Grief in the Workplace
5. Death of a Co-Worker
In the case of death being preceded by a long illness, your anticipatory grief will not make the loss of the person any less painful. But it can give you time to get used to the idea of the person's death. A sudden death has a shock value that often takes a long time to process. In either case, the loss felt by you and your staff will seem bottomless. Each person in the organization will grieve in a different way and be at different places along the grieving process spectrum. However, just because everyone grieves differently does not mean that you should ignore how people feel and pretend that nothing is different. Ignoring the signs of grief will simply postpone the process; it will not go away by itself.

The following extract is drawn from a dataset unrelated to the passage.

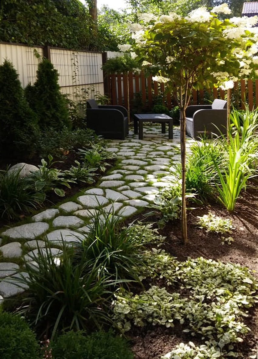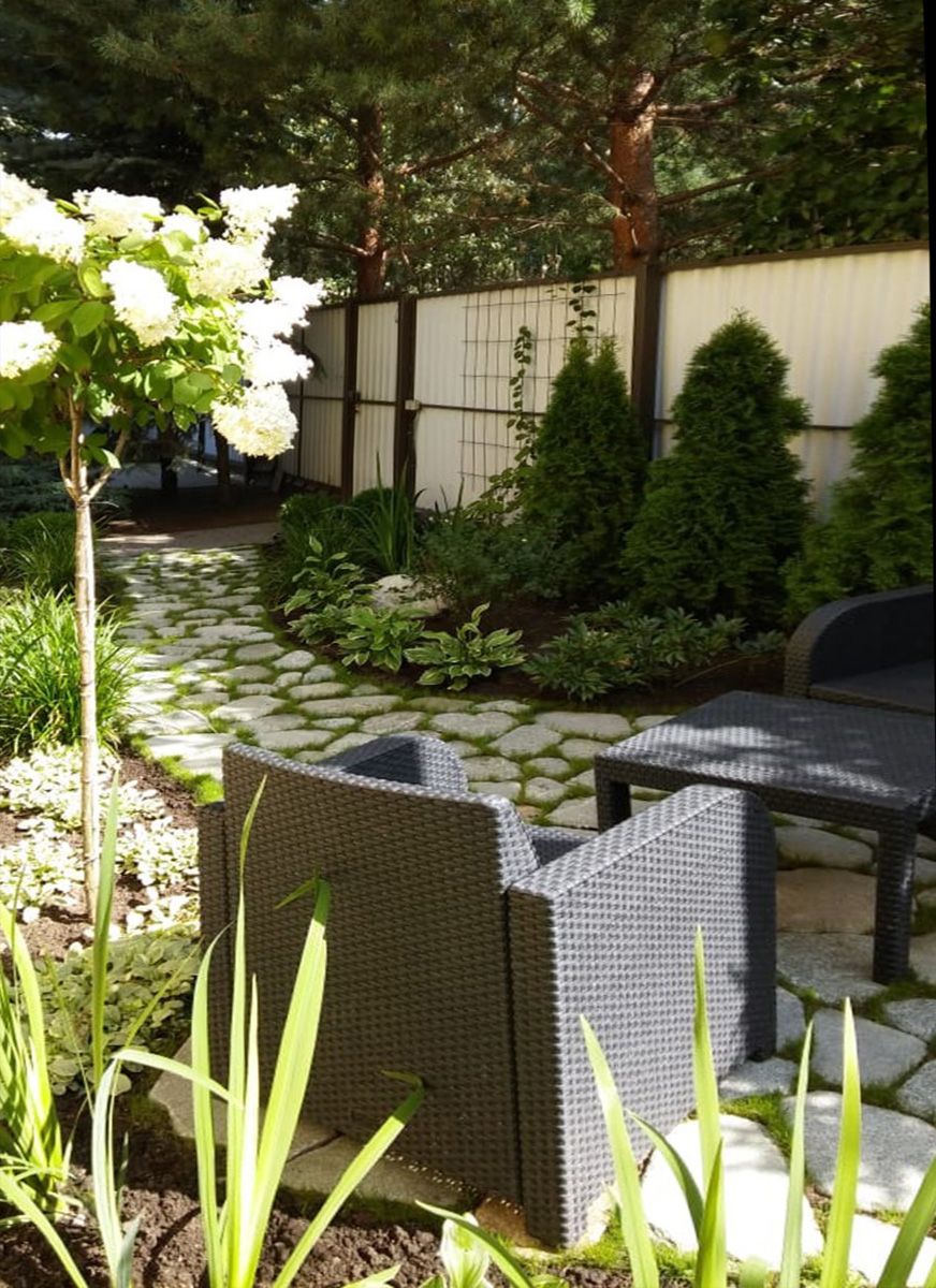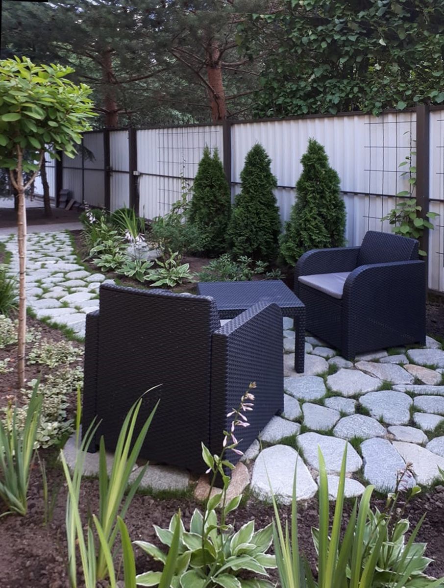 Остается включить воображение и представить, как здорово будет все это смотреться через пару лет, когда актинидия и гортензия черешковая полностью скроют от наших глаз неприглядный забор соседей.

Death may be a natural part of life, but the death of a co-worker will make everyone feel anything but normal. We may be listless and unable to do our own work. We may be prone to crying and sobbing. We may be sad or depressed. We may be angry, resentful that the person left so many projects undone. We may be unable to think about hiring a replacement or having others do parts of their job. We may be in denial that anything bad really happened. All of these reactions are coping mechanisms that help us get through the hard times.
Talk about the person. Remember the strengths and their quirks. Think how they would react to certain policies or ideas. Laugh and cry. Perhaps you want to hold your own memorial service to honor and remember the person. Such a service can help coworkers process their grief and pain and give closure for others.